Records from a collection:
====
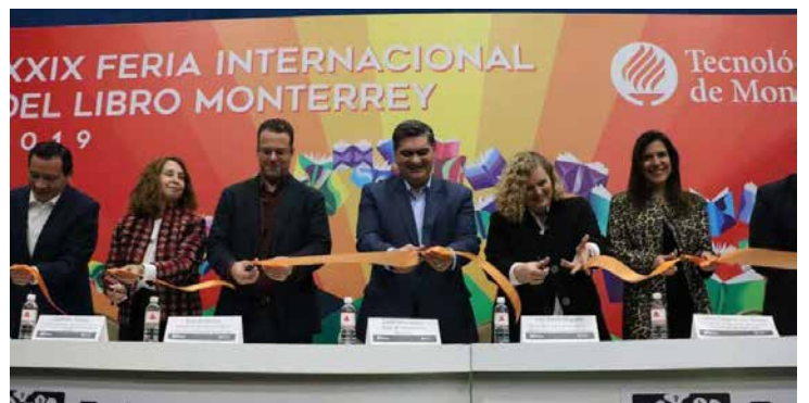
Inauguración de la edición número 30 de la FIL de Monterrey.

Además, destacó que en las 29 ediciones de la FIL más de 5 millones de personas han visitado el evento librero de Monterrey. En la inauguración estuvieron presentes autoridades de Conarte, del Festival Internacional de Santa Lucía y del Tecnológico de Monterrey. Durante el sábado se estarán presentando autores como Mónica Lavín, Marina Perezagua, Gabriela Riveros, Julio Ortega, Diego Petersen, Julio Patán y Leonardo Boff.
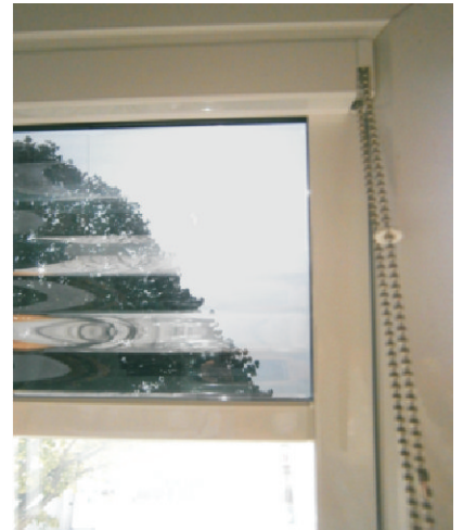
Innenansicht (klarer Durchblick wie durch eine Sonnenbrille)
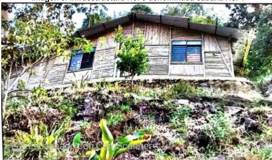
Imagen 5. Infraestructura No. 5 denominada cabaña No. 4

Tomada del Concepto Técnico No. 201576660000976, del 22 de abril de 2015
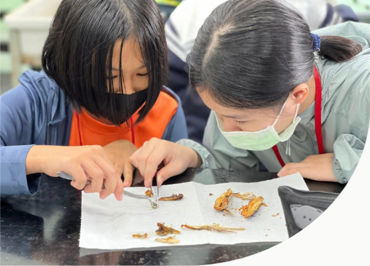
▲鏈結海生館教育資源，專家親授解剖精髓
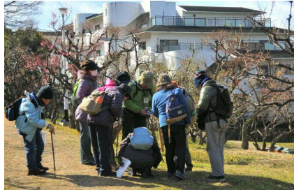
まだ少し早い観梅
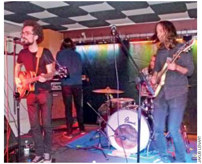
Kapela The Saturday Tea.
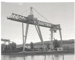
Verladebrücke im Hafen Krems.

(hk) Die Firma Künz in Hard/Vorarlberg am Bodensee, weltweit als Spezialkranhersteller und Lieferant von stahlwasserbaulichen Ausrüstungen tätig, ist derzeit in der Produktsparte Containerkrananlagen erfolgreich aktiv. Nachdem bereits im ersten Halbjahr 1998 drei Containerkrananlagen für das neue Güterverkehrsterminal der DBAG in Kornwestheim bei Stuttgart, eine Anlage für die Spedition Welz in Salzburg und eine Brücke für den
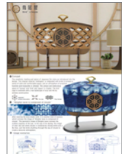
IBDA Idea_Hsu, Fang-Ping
====
WHAT YOU HAVE TO DO —
With pictures omitted, restate word for word every line above from the one containing "Tomada del Concepto" to the end of the entries.

WRITTEN SOLUTION —
Tomada del Concepto Técnico No. 201576660000976, del 22 de abril de 2015
▲鏈結海生館教育資源，專家親授解剖精髓
まだ少し早い観梅
Kapela The Saturday Tea.
Verladebrücke im Hafen Krems.

(hk) Die Firma Künz in Hard/Vorarlberg am Bodensee, weltweit als Spezialkranhersteller und Lieferant von stahlwasserbaulichen Ausrüstungen tätig, ist derzeit in der Produktsparte Containerkrananlagen erfolgreich aktiv. Nachdem bereits im ersten Halbjahr 1998 drei Containerkrananlagen für das neue Güterverkehrsterminal der DBAG in Kornwestheim bei Stuttgart, eine Anlage für die Spedition Welz in Salzburg und eine Brücke für den
IBDA Idea_Hsu, Fang-Ping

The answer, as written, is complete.